Non-GAAP Financial Measures

The Company refers to certain financial measures that are not recognized under U.S. generally accepted accounting principles (“GAAP”) in this press release, including: net income, adjusted for special items; diluted EPS, adjusted for special items; Adjusted EBITDA; Adjusted EBITDA margin; net debt; and net debt to Adjusted EBITDA ratio. See the schedules to this press release including the “Definitions” section for additional information and reconciliations of such non-GAAP financial measures.

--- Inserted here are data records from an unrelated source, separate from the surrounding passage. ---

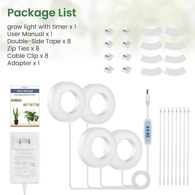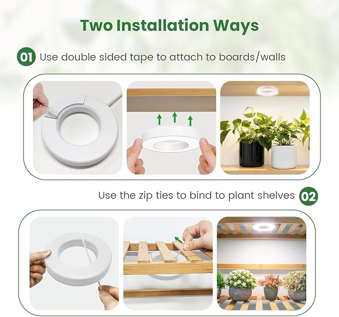 - Two Installation Methods: Effortlessly install the plant lamp using the included zip ties, and strong double-sided tape, and it also comes with wire clips for a secure and tidy setup. Create a thriving indoor garden with this versatile plant grow light.
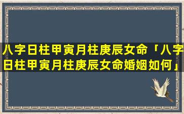 2、八字日柱甲寅月柱庚 🌹 辰女命婚姻如何
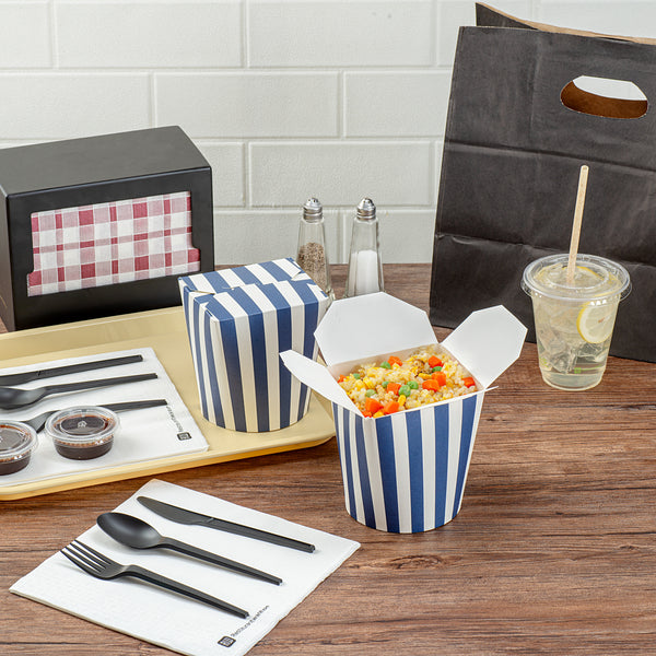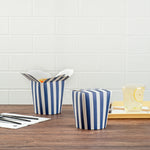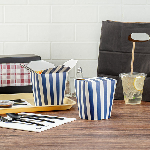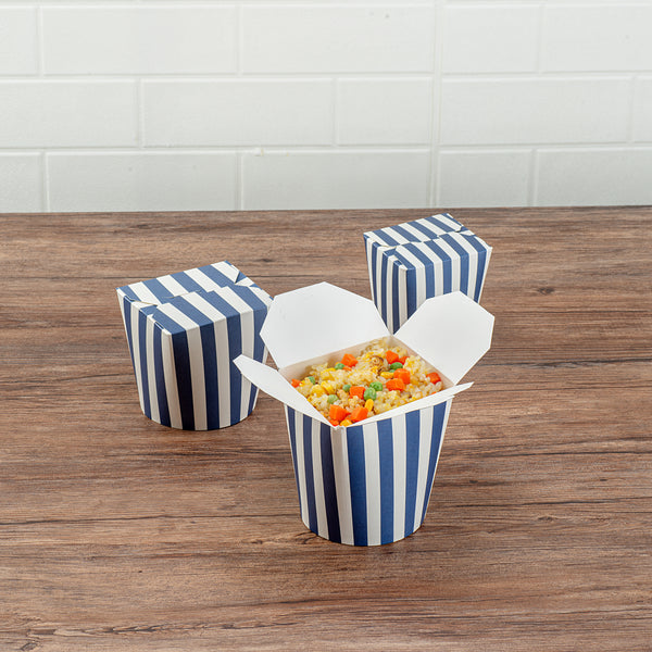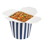 32 OZ ROUND BLUE AND WHITE STRIPE PAPER NOODLE TAKE OUT CONTAINER
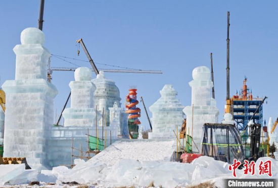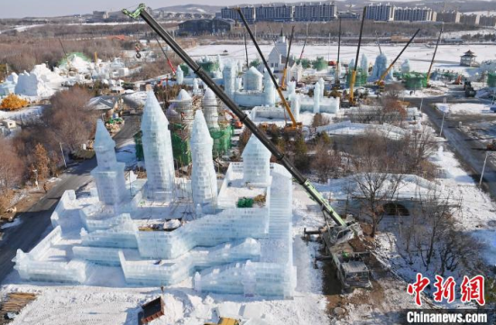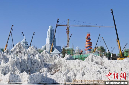 12月11日,吉林長春,工作人員正在長春冰雪新天地緊張施工。今年長春冰雪新天地總占地面積達到156萬平方米,冰雪雕塑200組創(chuàng)歷屆之最,并設(shè)置1314米的空中雪漂流、520米的冰滑梯等設(shè)施供中外游客游玩。中新社記者 張瑤 攝

Pro Forma Financial Information

This press release includes pro forma financial information for Hilton adjusted to reflect the spin-offs, including: unaudited pro forma condensed consolidated statements of operations; pro forma net income and diluted EPS, adjusted for special items; pro forma Adjusted EBITDA; pro forma Adjusted EBITDA margin; and pro forma net debt to Adjusted EBITDA ratio. The unaudited pro forma financial information has been prepared to reflect the spin-offs as if they had occurred on January 1, 2016. See “Definitions—Pro Forma Adjustments” for additional details. The unaudited pro forma financial information is provided for informational purposes only and is not necessarily indicative of what Hilton’s results of operations would actually have been had the spin-offs occurred on the date indicated.

In addition to the pro forma financial information herein, refer to Hilton’s Current Report on Form 8-K filed with the SEC on January 4, 2017 for additional information.